* [What to work on]
Your copy should start at the line with "Kicking off the" and end at the line with "對此,Klein犀利地反駁,「要我給黑人" in the data below. Transcribe only those lines, exactly, pictures excluded.

* [Given data]

--- START ---

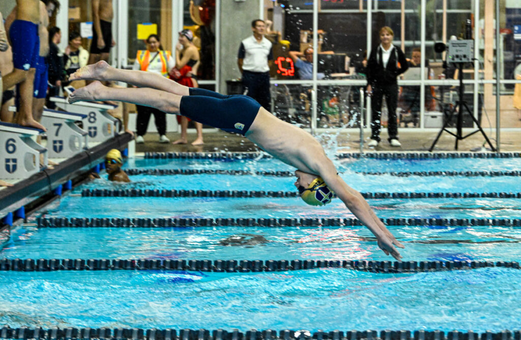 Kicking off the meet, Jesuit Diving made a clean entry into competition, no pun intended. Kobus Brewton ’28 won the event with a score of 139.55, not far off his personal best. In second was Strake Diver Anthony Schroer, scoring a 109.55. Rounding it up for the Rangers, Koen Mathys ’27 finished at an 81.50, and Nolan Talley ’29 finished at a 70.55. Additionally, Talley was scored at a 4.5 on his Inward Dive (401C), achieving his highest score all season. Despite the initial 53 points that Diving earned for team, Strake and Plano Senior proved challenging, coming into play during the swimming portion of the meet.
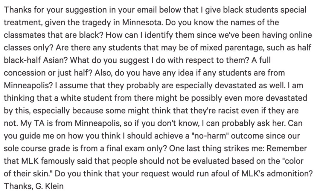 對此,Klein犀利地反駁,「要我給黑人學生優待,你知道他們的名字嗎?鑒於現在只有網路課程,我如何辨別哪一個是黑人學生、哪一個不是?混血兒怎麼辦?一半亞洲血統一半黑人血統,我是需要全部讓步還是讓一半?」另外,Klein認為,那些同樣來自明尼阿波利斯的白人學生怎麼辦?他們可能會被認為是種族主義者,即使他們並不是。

--- END ---
--- START ---

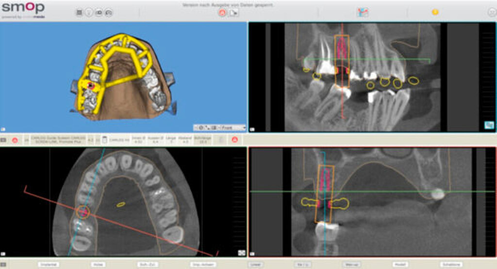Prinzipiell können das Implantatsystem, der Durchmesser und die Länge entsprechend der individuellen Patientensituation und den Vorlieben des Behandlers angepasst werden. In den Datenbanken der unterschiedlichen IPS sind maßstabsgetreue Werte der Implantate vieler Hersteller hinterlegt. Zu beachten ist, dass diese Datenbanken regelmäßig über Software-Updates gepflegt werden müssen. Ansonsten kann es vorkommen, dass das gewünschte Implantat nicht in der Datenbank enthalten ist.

--- END ---

* [Output of the exercise]
 Kicking off the meet, Jesuit Diving made a clean entry into competition, no pun intended. Kobus Brewton ’28 won the event with a score of 139.55, not far off his personal best. In second was Strake Diver Anthony Schroer, scoring a 109.55. Rounding it up for the Rangers, Koen Mathys ’27 finished at an 81.50, and Nolan Talley ’29 finished at a 70.55. Additionally, Talley was scored at a 4.5 on his Inward Dive (401C), achieving his highest score all season. Despite the initial 53 points that Diving earned for team, Strake and Plano Senior proved challenging, coming into play during the swimming portion of the meet.
 對此,Klein犀利地反駁,「要我給黑人學生優待,你知道他們的名字嗎?鑒於現在只有網路課程,我如何辨別哪一個是黑人學生、哪一個不是?混血兒怎麼辦?一半亞洲血統一半黑人血統,我是需要全部讓步還是讓一半?」另外,Klein認為,那些同樣來自明尼阿波利斯的白人學生怎麼辦?他們可能會被認為是種族主義者,即使他們並不是。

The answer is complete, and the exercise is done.